O INFERNO - LUGAR INVENTADO PARA OS MAUS --
17/02/2003 -
O que significa a palavra inferno?
Como externo é de fora e interno é de dentro, não é difícil entender que superno
é de cima e inferno é de baixo. Mas, em se tratando de religião, não é tão
simples assim.
"Ou, se o teu pé te fizer
tropeçar, corta-o; melhor é entrares coxo na vida, do que, tendo dois pés, seres
lançado no Vale de Hinon, onde o seu verme não morre, e o fogo não se apaga."
Marcos, 9: 45, 46). Nota: O termo grego "geenan", traduzido nas bíblias para
"inferno", é a versão do hebraico "gei-hinon" = Vale de Hinon. O latim "infernus"
corresponde ao grego "hades" e ao hebraico "sheol" = sepultura.
Há mestres religiosos, no entanto,
que rejeitam o significado simples da palavra “inferno” dizendo que nunca
significa sepultura. Mas há textos bíblicos indiscutíveis, como o seguinte: “Não
descerá meu filho convosco; porquanto o seu irmão é morto, e só ele ficou. Se
lhe suceder algum desastre pelo caminho em que fordes, fareis descer minhas cãs
com tristeza ao Sheol” (Gênesis, 42:38). Para acatar a opinião dos tais
mestres, teríamos que afirmar que Jacó acreditasse que seu filho falecido
estivesse a sofrer no referido lago de fogo eterno e que ele próprio desceria
para lá. A Bíblia contém muitas afirmações absurdas; mas não chegaria a esse
ponto. Assim só podemos crer que o escritor bíblico estivesse referindo-se à
sepultura com a palavra “sheol”. Ademais, os escritos do Velho Testamento não
contém a crença de sofrimento ou gozo após a morte. A exceção é o livro de
Daniel, que contém pelo menos parte escrita nos moldes do que crêem os cristãos
(Veja-se A RESSURREIÇÃO DOS MORTOS).
Pedro, ao pregar que Jesus
ressuscitou no terceiro dia de sua morte, citou o salmo que diz: "Não
deixará a minha alma do inferno, nem permitirá que teu santo veja corrupção."
(Atos, 2: 27). A palavra no salmo (Salmos, 16: 10)era "sheol", no grego (Novo
Testamento) era "hades", correspondente ao latim "infernus", referindo-se
claramente à sepultura, onde o pai não teria deixado apodrecer seu santo filho.

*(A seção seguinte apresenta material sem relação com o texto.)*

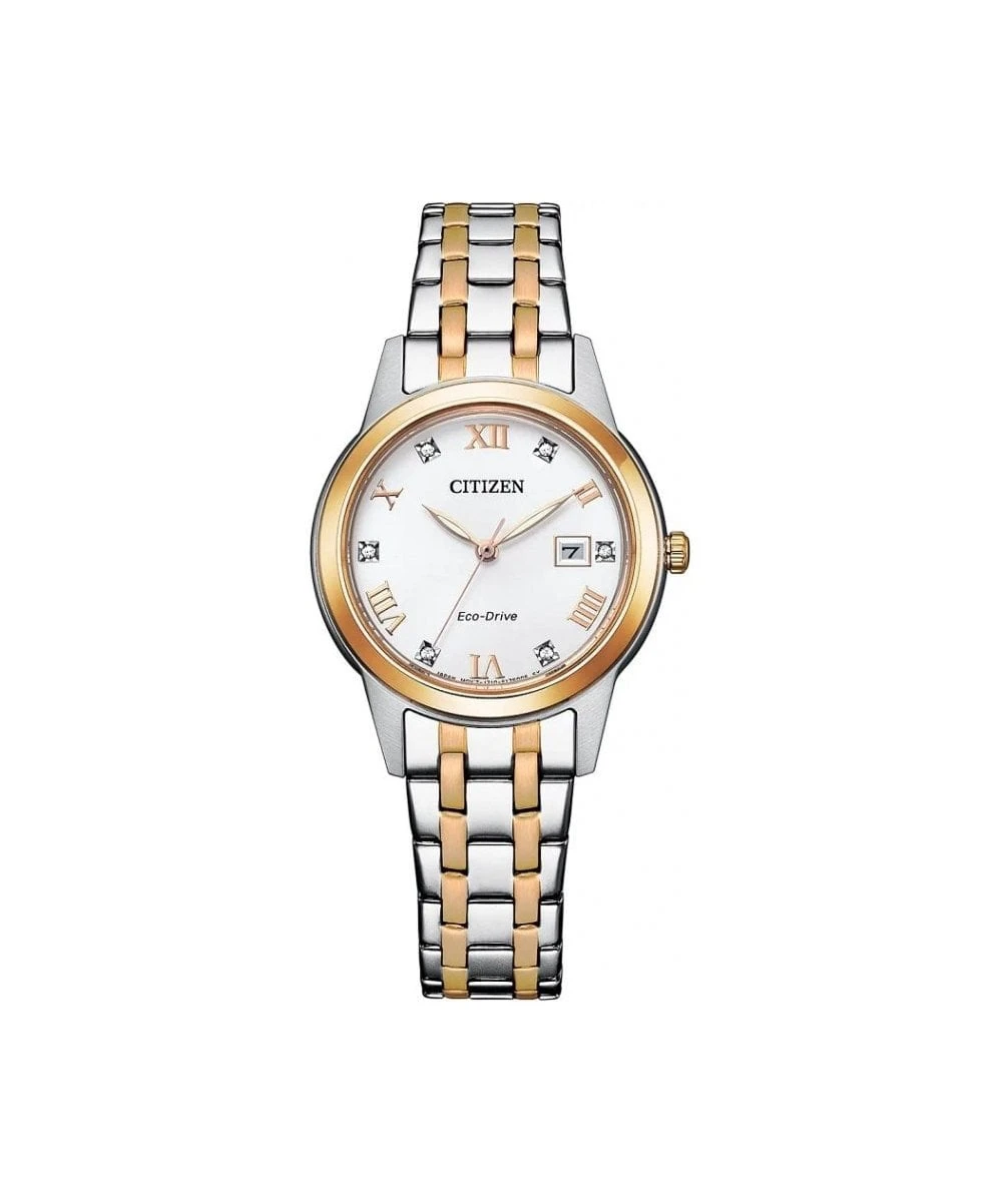 Modern appeal and sleek design, make this Silhouette Crystal the perfect finishing touch to your watch wardrobe. Two tone stainless steel and rose gold plating bracelet paired with a white dial hand set with 6 beautiful crystals. Featuring Eco-Drive technology, powered by light, any light, never needs a battery.

O Vale de Hinon era o local onde
eram lançados os cadáveres dos condenados à morte, assim como carcaças de
animais. Lá tudo era comido pelos vermes ou destruído pelo fogo, que estava
constantemente a arder. Não havia lugar melhor para Jesus ilustrar o destino
dos que não seguissem os seus ensinamentos.
A parábola "Rico e Lázaro", que
apresenta o rico em tormentos e o Lázaro feliz no seio de Abraão, foi um dos
principais textos a sustentar a teoria de que o homem tem uma alma imortal, que
sai do corpo após a morte e vai para o céu ou para o inferno, nome atualmente
dado ao "lago de fogo" em que serão lançados os maus segundo a visão de João no
Apocalipse.
Na Idade Média, explicava-se que as
erupções vulcânicas eram chamas do inferno lançadas pelos demônios.
Há várias versões para a punição
divina dos maus. Para os católicos, os perdidos morrem e suas almas imateriais
vão diretamente para o inferno, padecer infindavelmente; os outros vão para um
outro lugar, denominado "purgatório", onde sofrerão até pagar os pecados, indo a
seguir para o céu. Para vários outros grupos cristãos, a maioria, as almas dos
maus vão diretamente para o inferno ao morrerem, passando a sofrer também o
castigo eterno, e as almas dos agraciados de Deus vão para o céu, para a vida
eterna. Para alguns outros cristãos, inclusive adventistas e testemunhas de
Jeová, essa alma imaterial não existe, mas os mortos ressuscitarão no dia do
julgamento divino, indo os bons para o céu e os maus sendo lançados no lago de
fogo, para serem consumidos, porém não havendo um castigo sem fim, o que não
poderia coincidir com a imagem de um deus justo. Algumas religiões mais
primitivas tem idéia de um lugar de tormento também aproximado do pregado pelos
católicos e protestantes.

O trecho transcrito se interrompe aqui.